What you will do: From the material below, return exactly the lines starting at the one that holds "MŮJ PARTNER MÁ" and ending at the one that holds "Деятельность Rocket bet". Pictures stay out of the answer.

Source data:
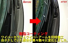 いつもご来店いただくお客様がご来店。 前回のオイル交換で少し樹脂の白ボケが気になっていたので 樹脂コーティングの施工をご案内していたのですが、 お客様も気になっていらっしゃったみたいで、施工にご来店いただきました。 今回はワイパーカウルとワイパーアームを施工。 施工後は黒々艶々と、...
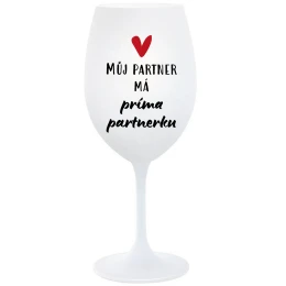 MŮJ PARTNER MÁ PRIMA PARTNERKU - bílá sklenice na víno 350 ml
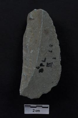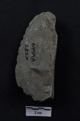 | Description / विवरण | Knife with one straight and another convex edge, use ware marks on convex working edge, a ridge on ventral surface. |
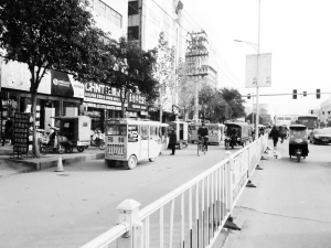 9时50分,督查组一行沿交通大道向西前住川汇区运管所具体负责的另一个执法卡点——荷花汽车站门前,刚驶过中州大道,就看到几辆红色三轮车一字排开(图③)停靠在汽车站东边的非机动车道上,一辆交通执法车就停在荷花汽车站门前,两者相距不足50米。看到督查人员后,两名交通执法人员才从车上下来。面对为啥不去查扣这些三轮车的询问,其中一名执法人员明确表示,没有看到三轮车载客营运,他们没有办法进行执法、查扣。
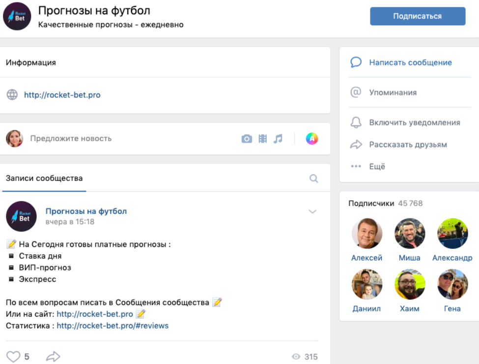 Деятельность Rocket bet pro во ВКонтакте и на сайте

---

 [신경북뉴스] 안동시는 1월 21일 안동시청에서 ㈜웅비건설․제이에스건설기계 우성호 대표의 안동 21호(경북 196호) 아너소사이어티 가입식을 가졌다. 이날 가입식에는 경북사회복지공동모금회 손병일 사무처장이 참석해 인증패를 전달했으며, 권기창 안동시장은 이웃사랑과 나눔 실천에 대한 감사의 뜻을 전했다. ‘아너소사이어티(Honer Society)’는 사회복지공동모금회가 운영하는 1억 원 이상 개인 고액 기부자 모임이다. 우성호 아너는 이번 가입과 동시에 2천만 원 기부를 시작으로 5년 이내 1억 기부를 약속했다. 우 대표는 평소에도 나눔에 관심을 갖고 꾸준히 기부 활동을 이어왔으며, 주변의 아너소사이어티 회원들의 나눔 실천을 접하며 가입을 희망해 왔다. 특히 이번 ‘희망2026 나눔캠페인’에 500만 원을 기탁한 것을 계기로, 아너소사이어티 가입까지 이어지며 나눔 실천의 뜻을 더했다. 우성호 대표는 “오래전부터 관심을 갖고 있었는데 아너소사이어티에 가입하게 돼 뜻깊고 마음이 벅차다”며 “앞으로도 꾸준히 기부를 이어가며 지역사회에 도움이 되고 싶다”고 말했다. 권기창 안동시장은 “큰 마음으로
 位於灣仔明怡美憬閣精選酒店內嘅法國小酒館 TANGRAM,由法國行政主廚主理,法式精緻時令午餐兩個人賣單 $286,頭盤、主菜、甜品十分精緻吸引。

Solution to the problem:
 MŮJ PARTNER MÁ PRIMA PARTNERKU - bílá sklenice na víno 350 ml
 | Description / विवरण | Knife with one straight and another convex edge, use ware marks on convex working edge, a ridge on ventral surface. |
 9时50分,督查组一行沿交通大道向西前住川汇区运管所具体负责的另一个执法卡点——荷花汽车站门前,刚驶过中州大道,就看到几辆红色三轮车一字排开(图③)停靠在汽车站东边的非机动车道上,一辆交通执法车就停在荷花汽车站门前,两者相距不足50米。看到督查人员后,两名交通执法人员才从车上下来。面对为啥不去查扣这些三轮车的询问,其中一名执法人员明确表示,没有看到三轮车载客营运,他们没有办法进行执法、查扣。
 Деятельность Rocket bet pro во ВКонтакте и на сайте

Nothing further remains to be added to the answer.